Monday, September 20, 2010

Legal Context of International Business

International Business is managed within the framework of a legal order. But the rules of this order are different from those of a domestic (national) legal system. Understanding these different rules is necessary for success in international business.

International Legal Order

To begin with, the international legal system lacks courts for adjudicating disputes. While occasionally ad hoc tribunals are established by interested governments to resolve isolated economic disputes between their nationals, the common alternative for settling international claims is arbitration pursuant to agreement of the parties. Furthermore, no international agency exists to enforce the arbitrators’ awards; the prevailing party has to rely on the enforcement machinery of the country where the losing side’s assets are located. Finally, often there is no international law for the arbitrators to apply. Instead, they frequently must refer to the domestic laws of the country designated by the parties.
The customs and usages which gradually emerge from commercial transactions generate the international legal norms. However, without a system of international courts to embody these norms in their rulings, they do not receive the force and mandate of precedents. There is another way for establishing binding legal rules: legislation by international conventions. The United Nations and other intergovernmental organizations originate the drafts of these conventions. But these drafts are rarely enacted into multinational legislation. While some noteworthy international conventions have finally been concluded --among them the conventions on contract for the international sale of goods; on several procedural aspects of civil litigation, such as the limitation period, service, discovery; and on enforcement of arbitration awards-- they are few in number and govern only the nationals of the states that adhere to them.
International rule-making is, therefore, left largely to private contracts between parties to international transactions.
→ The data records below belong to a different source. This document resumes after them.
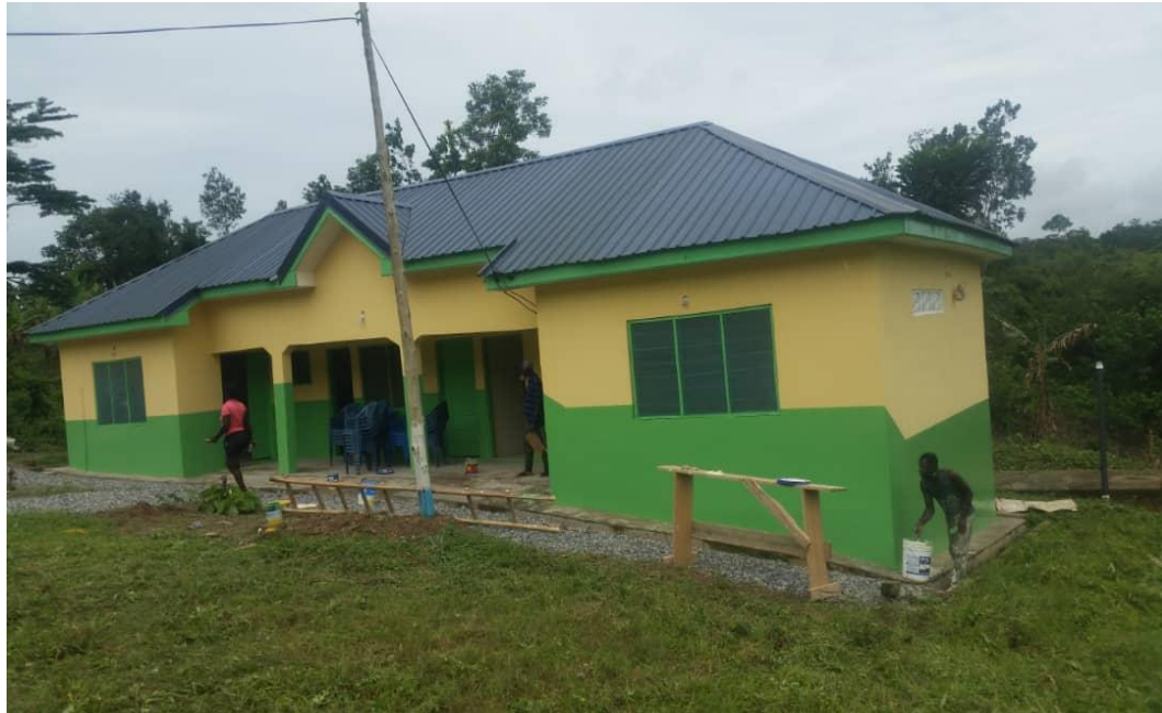
Construction of 60-Bed Facility District Hospital Complex (Agenda 111)
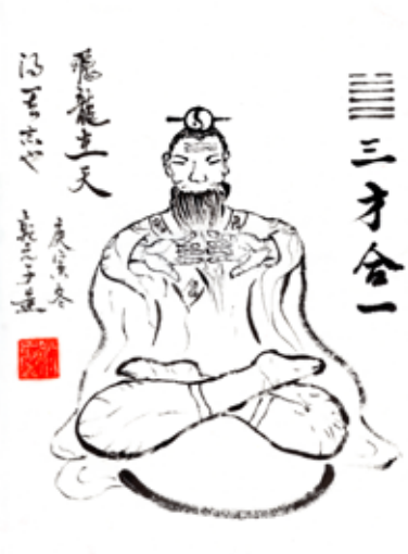
Figure 5 (page 55)
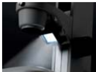
Episcopic illumination (Tilttable 0°-55°)
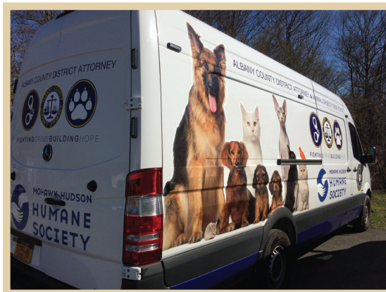
The animal abuse response vehicle was provided by the "Making Crime Pay" program of the Albany District Attorney's Office.
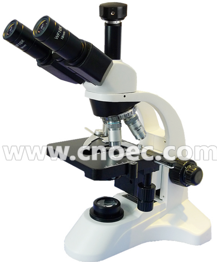
A31.1535 Digital Biological Microscope, 5.0M
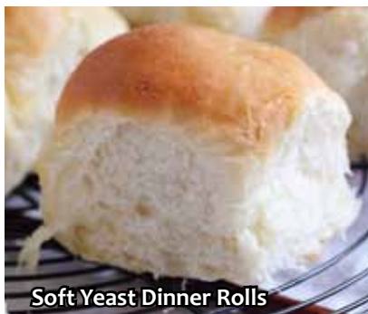
Soft Yeast Dinner Rolls

1½ bunches fresh thyme, chopped ½ cup garlic, minced 1 cup fresh parsley, chopped ¼ tablespoon black peppercorns, freshly ground ¾ tablespoon kosher salt ½ cup vegetable oil
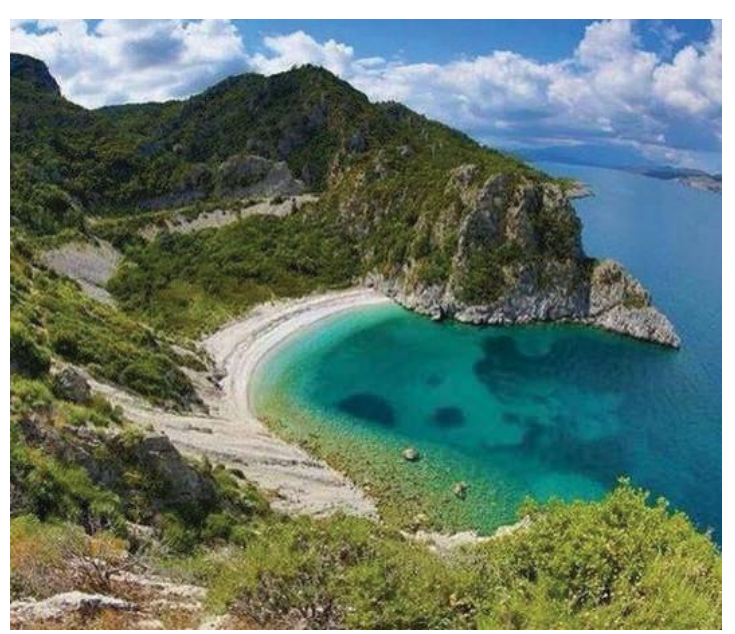
DILEK PENINSULA - II
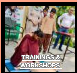
TRAININGS & WORKSHOPS
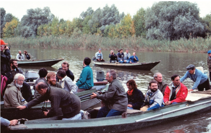
Figure S8. Start of the Volga Delta excursion following the 34th Board meeting in Astrakhan, September 1989.
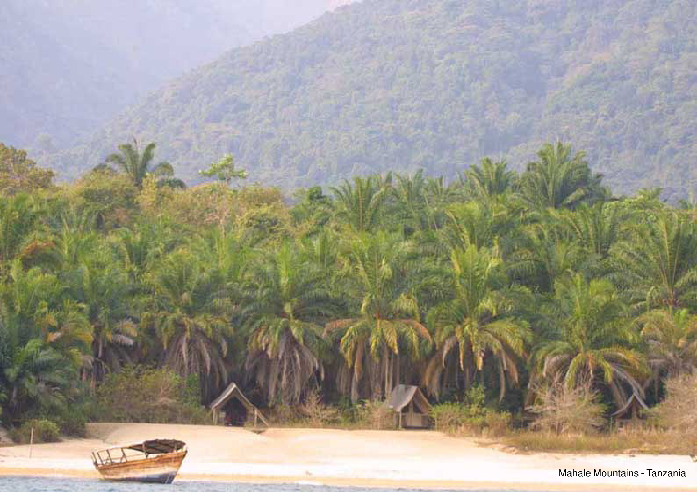
Mahale Mountains - Tanzania
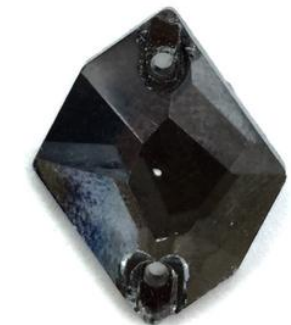
Sequin stone in irregular shape with 2 holes - Art. BN3265
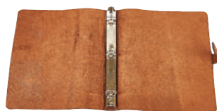
Soft Sided Rustic 3 Ring Binder
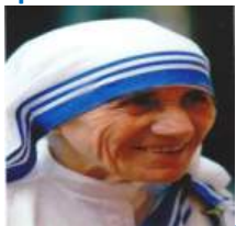
Saint Mother Teresa of Calcutta

"We are entirely at the disposal of the Church. We profess a deep personal love for the Holy Father. We surrender ourselves completely to be united with Him as carriers of God's love. Pray for us that we don't spoil the work God has called us to do."
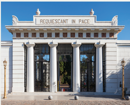
LA RECOLETA CEMETRY

National governments, however, impose limits to their freedom of contract. Just as these risks are posed by the intrusive role of the nation-states in international trade, sometimes national governments render protection against them. Thus, government (or quasi-government) agencies, such as export-import banks and export development corporations, aim at insuring their nationals against certain risks of international commerce. Similarly, through trade agreements, governments attempt to remove the barriers to foreign markets facing their nationals. The beneficial prospects of such favorable interventions by the national governments must be taken into account in any international business plan. Because of these considerations, international commercial negotiations are inherently complicated. The process becomes even more complex when the parties manifest dissimilar expectations rooted in different cultural values.